Ringraziai gli Dei quando arrivammo al porto di Hirtshals, uno dei maggiori scali navali della Danimarca; finalmente stava zitta, mi promisi di non chiedere più nulla, nemmeno l’ora a quella donna.
La ricerca della nave che ci portasse in Islanda fu più complicato del previsto visto che tutti i viaggi della giornata erano pieni ed anche quelli diretti a Reykjavik per il giorno dopo erano affollati. Accompagnai la signora Mara al Montra Skaga Hotel con l’unico e semplice compito di prenotare due stanze mentre io tornato al porto avrei provveduto a trovare il traghetto.
Dopo un’ora di ricerca riuscii a trovare anche se con costi elevati due cabine sul Fjordline Express che ci avrebbe portato a Seyðisfjörður, proprio il lato opposto dell’isola; il viaggio ci avrebbe tenuti occupati un giorno in più rispetto ai piani.
Tornai in Hotel alle 22 e chiesi il numero di stanza alla reception:
-Yes Mrs. Galli room number 102-
Salii le scale del modesto hotel e bussai alla porta; mi aprii la donna già struccata e pronta per mettersi a letto:
-Scusi il disturbo, in che camera sono?-
-Guarda Luca c’è stato un disguido con la ragazza della reception: non accettano prenotazioni multiple dalla stessa carta di credito. Poi mi ha spiegato le motivazioni ma il mio inglese è arrugginito, però nel frattempo ho trovato un negozio Prada ed ho comprato un vestitino-
-Mi dia la carta che scendo a risolvere tutto-
-Ma non c’è bisogno- disse mentre mi faceva accomodare dentro la stanza e mi sfilava lo zaino -Guarda ho fatto mettere un materasso per terra, ormai sei di famiglia, e poi domani mattina ce ne andiamo, che sara mai?!-
-Va beh pazienza- ero troppo stremato per litigarci.

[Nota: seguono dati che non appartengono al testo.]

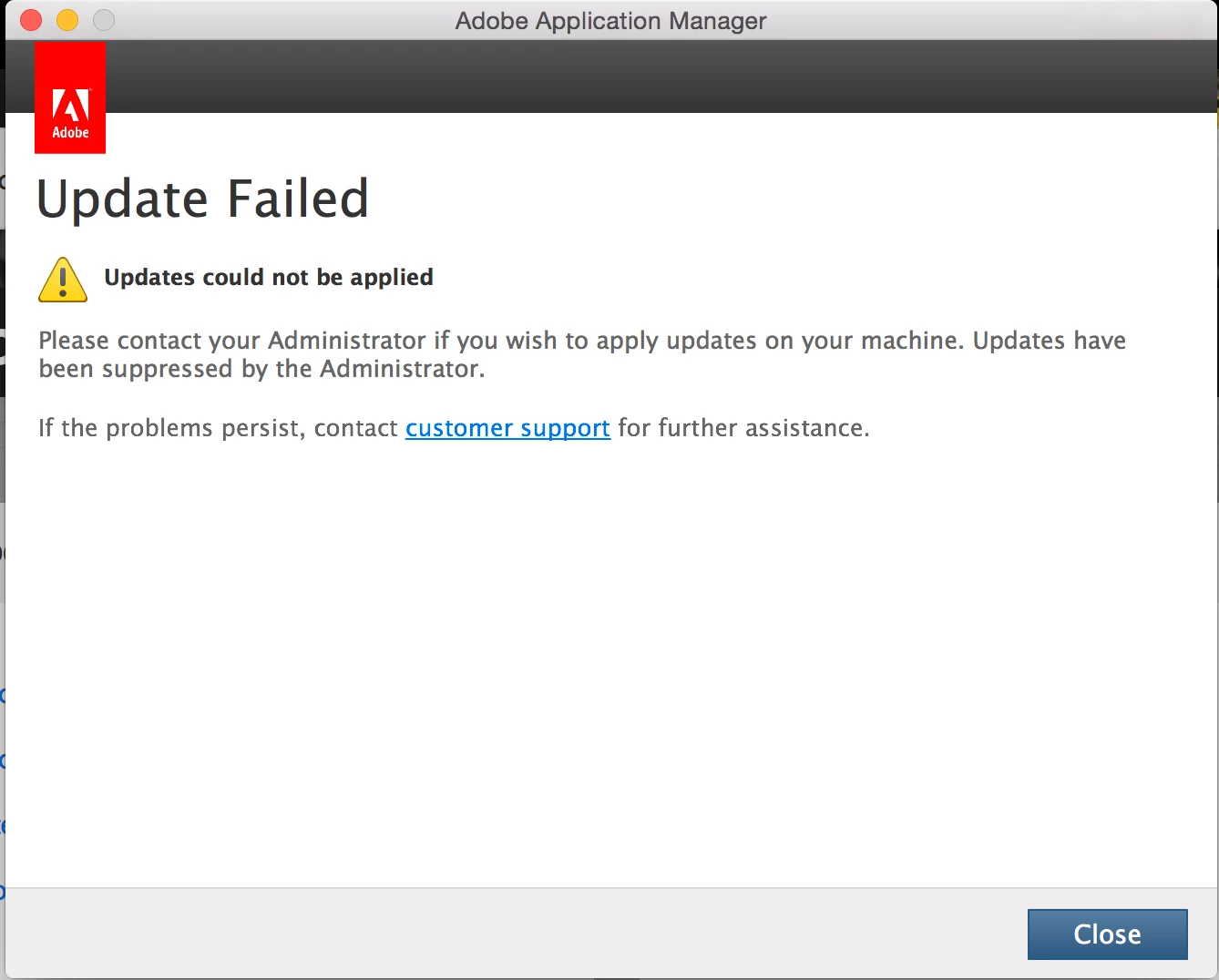 and running the AdobePatchInstaller.app I get an 'Update Failed' error (see pic).

Presi le infradito ed andai in bagno per una doccia calda:
-Che minchione, i panni puliti sono in camera- dovendo uscire mi legai l’asciugamani alla vita -Ho dimenticato il cambio, che testa- mi giustificai; lei squadrandomi da sopra gli occhiali da lettura rispose:
-Se mi chiamavi te li avrei portati io, non mi farebbe nessun effetto vederti nudo, potresti essere mio figlio- aggiunse.

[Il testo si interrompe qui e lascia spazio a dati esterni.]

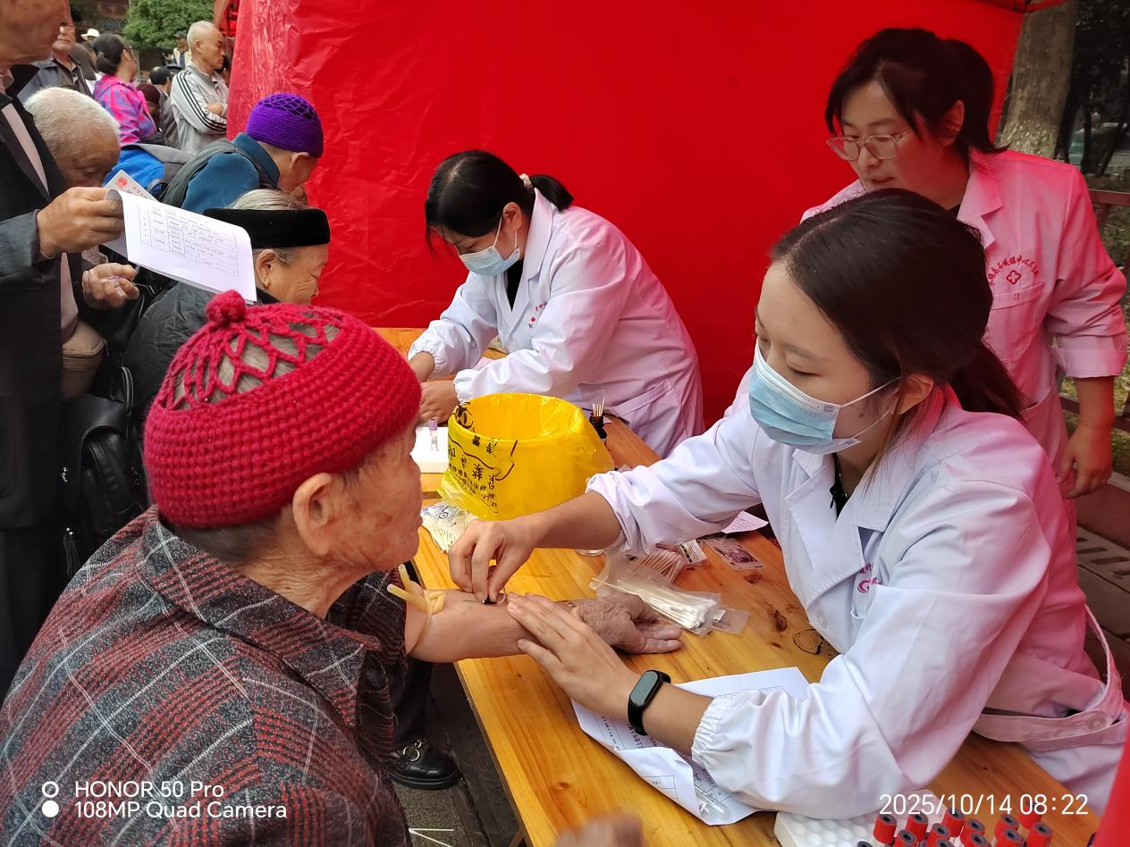 广场上,30名来自全县45个乡镇卫生院、县人民医院的医务人员各司其职:抽血、做心电图、查B超、测血压……全流程服务有条不紊。这边,医护人员耐心询问老人病史,细致填写体检表;那边,专人忙着发放体检报告,还贴心准备了免费早餐及爱心礼物。现场维护秩序的工作人员不时搀扶行动不便的老人,一句“慢点走,我扶您”,让秋日的广场格外温暖。

Non capivo la sua evoluzione di atteggiamenti, più ci alzavamo di latitudine e più diventava cordiale e disinibita. Iniziò a balenarmi in testa l’idea di giocare con lei, di provocarla e di vedere fin dove si sarebbe spinta.
Spegnemmo le luci a mezzanotte ma io avevo bisogno di scaricarmi, perciò una volta che sentii che la moglie del Dottore stava russando presi un po di carta, il mio iPhone e grazie ad un video porno iniziai una lenta e silenziosa sega.

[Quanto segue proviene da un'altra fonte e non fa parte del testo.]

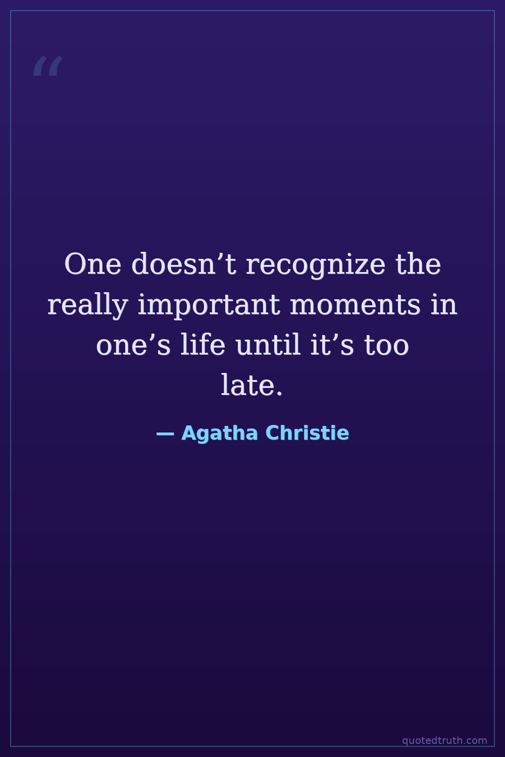 One doesn’t recognize the really important moments in one’s life until it’s too late.

Aumentando il ritmo per eiaculare non mi accorsi che il piumone con lo sfregamento faceva rumore e finii per svegliare la Signora Mara che, proprio mentre stavo per raggiungere l’orgasmo, mi urlò:
-Maiale vai in bagno a farti le pugnette, fare queste cose davanti a una donna per di più molto più grande di te-
-Scusi Signora pensavo dormisse-
-Neanche quando dormo voglio assistere ad una cosa del genere-
-Scusi ora vado in bagno- e mestamente mi ritirai nell’unica stanza dove la privacy mi era garantita.
Il tempo di far ripartire il video con soggetto madre e figlia che si dividono un cazzo e riprendere concentrazione che finalmente eiaculai dentro il lavandino stando attento a non sporcare i rubinetti. Un secondo dopo bussarono alla porta del bagno:
-Masturbatore hai finito? Devo usare il bagno!-
-Si si Signora esco subito- mi pulii con un po di carta che buttai nel water e con le orecchie basse come un cane bastonato uscii dal bagno senza incrociare lo sguardo della donna.
Il tempo di mettermi sotto le coperte che un urlo squarciò il silenzio:
-Che schifooooo! Maiale vieni subito qua!- e prendendomi per il colletto della maglietta mi tirò in bagno -Con chi credi di avere a che fare? Hai lasciato tutto il tuo sperma nel lavandino senza pulire e la carta nel water senza tirare lo sciacquone-
-Signora Mara, lei mi ha messo fretta e mi sono dimenticato, tutto qua, non era un affronto il mio-
-Ragazzino ringrazia il cielo che mi occorri per arrivare da mia figlia, se no saresti in guai seri-.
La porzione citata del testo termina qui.